Agreed. The products I have used above, DrivePool, SnapRaid and UnRaid are all software solutions. This was important to me because I was reusing hardware and had a real eclectic mix of drives from 14TB NAS drives to 256GB laptop drives that I wanted to get more life out of.
The only hardware limitation is the parity based apps SnapRaid and UnRaid need your largest drive to be the parity one. Makes sense but in a situation like mine where I had a 14TB drive and the next closes was 8TB, that parity drive wasn’t well utilised. Not a big issue but.
A NAS is basically some software running on a computer, so you can use a desktop as that computer, ideally with a light operating system (for example, Linux in text only mode).
HOWEVER: desktops are designed for far higher computational loads than needed by a NAS, plus things like graphical user interfaces and direct connection of user peripherals such as mice, so even when idle they consume a lot more power than the kind of hardware used in a typical NAS.
Also the hardware in a good NAS will have things like extra higher speed connectors for HDDs/SDDs (such as SATA) rather than you having to use slower stuff like USB.
So keep in mind that a desktop as NAS will consume significantly more power than a dedicated NAS (as the latter will probably be running on something like an ARM and have a power source dimensioned for a couple of HDDs, not to run a dedicate graphics card like a desktop has) and probably won’t fit as many disks.
If you’re ok with having most disks be accessed a bit slower and USB3 work for you (and, for example, if your NAS is on 100 Mbit Ethernet, it’s the network that’s the slowest thing, not USB3) then it’s usually better to use an old notebook rather than desktop because notebooks were designed for running of batteries hence consume significantly less power.
Frankly I would advise against using an old desktop as NAS mainly because in a year or two of continued use you’ll have paid enough in extra electricity costs vs using a NAS to pay for a simple but decent dedicated NAS.
If they were to run some applications on the side it would validate the power usage.
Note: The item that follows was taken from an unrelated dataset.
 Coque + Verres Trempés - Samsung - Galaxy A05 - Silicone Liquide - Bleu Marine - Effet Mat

Like if it also was a Plex server it could be more reasonable to use more power.
Could also really hinge on the electricity cost for their region. At 10 cents a kwh and a delta of 100 watts we’d be talking 87 dollars a year assuming it’s always running at a delta of 100 watts.
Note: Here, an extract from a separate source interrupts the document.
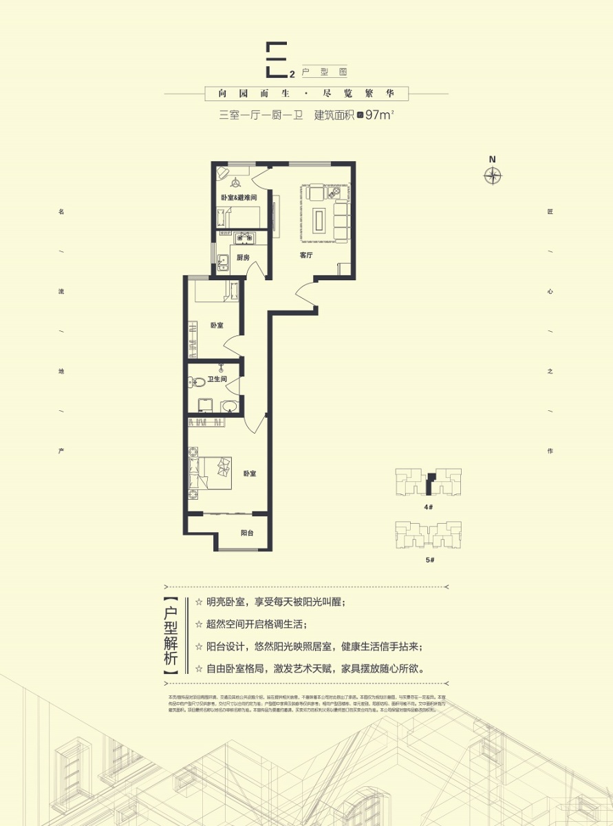 e2户型-3室1厅1卫-97.0㎡

I doubt there will be a 100 watt delta especially newer architectures that idle really well.
Whilst a 100W delta seems unlikelly, a 50W delta seems realistic as the kind of stuff you have in a NAS will use maybe 5W (about the same as a Raspberry PI, possibly less) whilst the typical desktop PC uses significantly more even outside graphics mode (part of the reason to use Linux in text mode only is exactly to try and save power there). It mainly depends on what the desktop was used for before: a “gaming PC” with a dedicated graphics card from an old enough generation (i.e. with HW from back before the manufactures of GPUs started competing on power usage) will use signiificantly more power than integrated graphics even in idle mode.
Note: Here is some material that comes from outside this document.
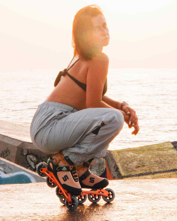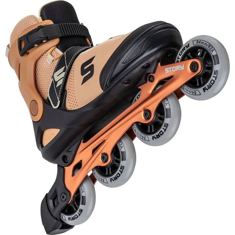 Mocna aluminiowa szyna umacnia konstrukcję i pomaga w prędkim przyspieszaniu za każdym razem gdy zbierasz się do jazdy. Zewnętrzna skorupa buta z twardego plastiku daje dobre oparcie stopie i pozwala na pewne uczucie kontroli. Wewnętrzna warstwa rolek zrobiona jest z pvc i miękkiej pianki by zwiększyć komfort i jak najlepsze dopasowanie nóg do butów. Kółka wielkości 84mm osadzone są na łożyskach ABEC7, więc przyjemny roll z łatwo dostępnymi wyższymi prędkościami i świetną zwrotnością są zagwarantowane :)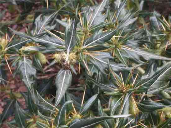 Однорічна трав'яниста шорстка рослина родини айстрових (складноцвітих), заввишки 30—50 см. Стебло прямостояче, тонкоребристе, дуже розгалужене, коротковолосисте, біля основи листків має одну або. дві трироздільні міцні жовті колючки. Листки чергові, короткочерешкові, глибоко три-, п'ятилопатеві, при основі клиновидні, зверху темно-зелені, зісподу — білоповстисті. Квітки трубчасті, дрібні, жовтаві, одностатеві (рослини однодомні), зібрані в кошики, що розміщені по одному в пазухах листків; кошики з тичинковими квітками — багатоквіткові, з обгорткою з однакових вільних листочків; з маточковими — двоквіткові, зі зрослолистою обгорткою. Обгортка плодів жовтаво-бурувата, видовжено еліптична на верхівці — з 1—2 прямими тонкими колючками, густувато вкрита міцними колючими шипами. Плід — сім'янка. Цвіте у липні — серпні.

That said, making it a “home server” as you suggest makes a lot of sense - if that thing is an “All In One” server (media server, NAS, print server, torrent download server and so on) loaded with software of your choice (and hence stuff that respects your privacy and doesn’t shove Ads in your face) it’s probably a superior solution to getting those things as separate standalone devices, especially in the current era of enshittification.
It’ll work fine. A NAS is just a PC. Try Unraid if you want a user friendly UI. It costs money but it’s only a one off payment for a lifetime license, and they have a free trial.
+1 for unRAID. I did the same when I got tired of Netflix increasing prices while dropping content. Also got annoyed with my cable because it’s expensive and good content is rare.
Bought a 12th gen i5 desktop on sale and 4 x 10Tb drives and installed unRAID on a USB key.
Easiest thing I’ve done in years and it’s 100x better than Netflix and 1000x better than cable.